Vero cells were seeded in a 96-well plate. Dilutions of ATA, interferons α and β were added. After 24 h. Fifty microliters of reaction solution from XTT kit was added to each well and incubated at 37 °C for 4 h. Activities of cell proliferations were reflected by readings of spectrophotometry. The concentrations of each reagent that inhibits 50% cell proliferation activities (CC50) were used to compare with the concentration that inhibit 50% of SARS-CoV replication (EC50), and designated as the selection index (SI).

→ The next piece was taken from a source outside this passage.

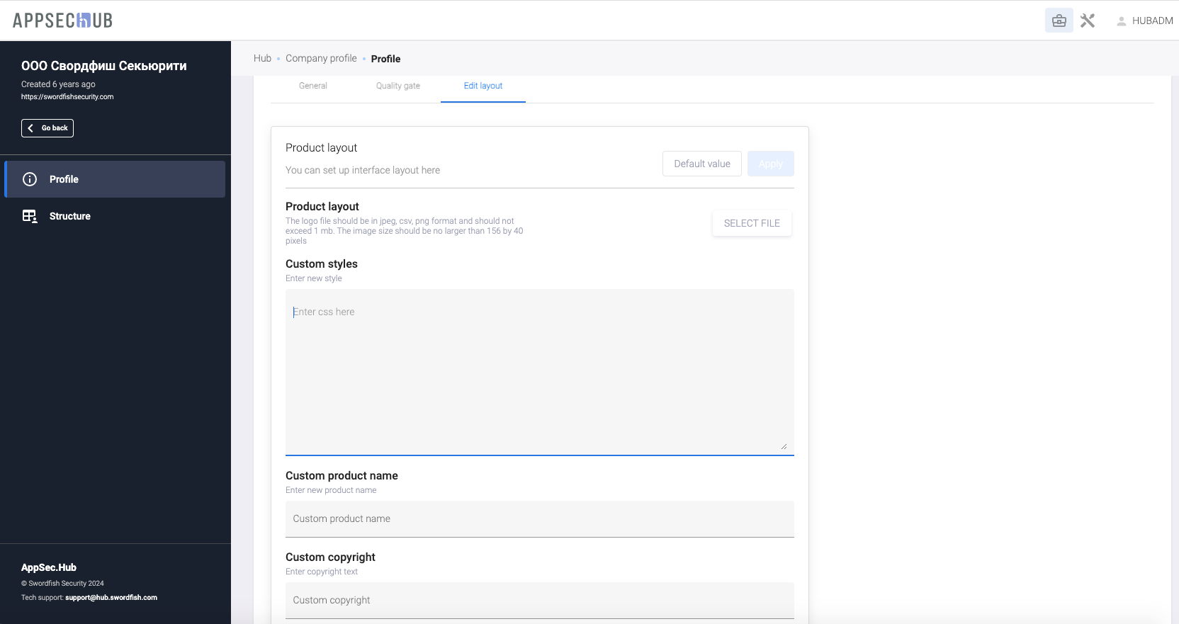 - Логотип компании, отображаемый в левом верхнем углу. Новый логотип можно выбрать в поле Product layout с помощью кнопки Select file. Чтобы вернуться к логотипу AppSec.Hub, нажмите кнопку Clear file.

Because of its low toxicity in cell culture and animals [17], [18], ATA has been evaluated for its anti-viral activities such as immunodeficiency virus type I [17], [19]. However, the mechanism involved in its ability of inhibiting virus replication in those studies remains largely unknown, as is also the case in our current studies on SARS-CoV. The potency of ATA against SARS-CoV replication is also higher than that of the reported chemicals such as glycyrrhizin and recently reported nelfinavir [12], [20]; both drug candidates were reported to have two logs or less inhibition effect on SARS-CoV replication, while ATA showed more than three logs of inhibition effect. The biological activities of ATA have been demonstrated to be quite complicated, including inhibition of protein synthesis, prevention of the attachment of mRNA to ribosomes in cell-free systems, and suppression of enzymes involved in polynucleotide metabolism [21]. How ATA exerts its anti-SARS-CoV activities will require vigorous characterization. Our preliminary result indicated that ATA could inhibit SARS-CoV RNA synthesis (data not shown). Vaccine development could take years to complete and serious adverse reactions have been reported in other coronavirus vaccine studies, i.e., exacerbation of disease in animals received vaccines prior to infection [22]. Certain precautions have been proposed for the development of SARS-CoV vaccines due to potential detrimental effects [23], therefore the search for anti-SARS-CoV drugs must be pursued. Here, we report for the first time that ATA is a potent anti-SARS compound with low toxicity in tissue culture, suggesting that it could have therapeutic value for SARS in patients.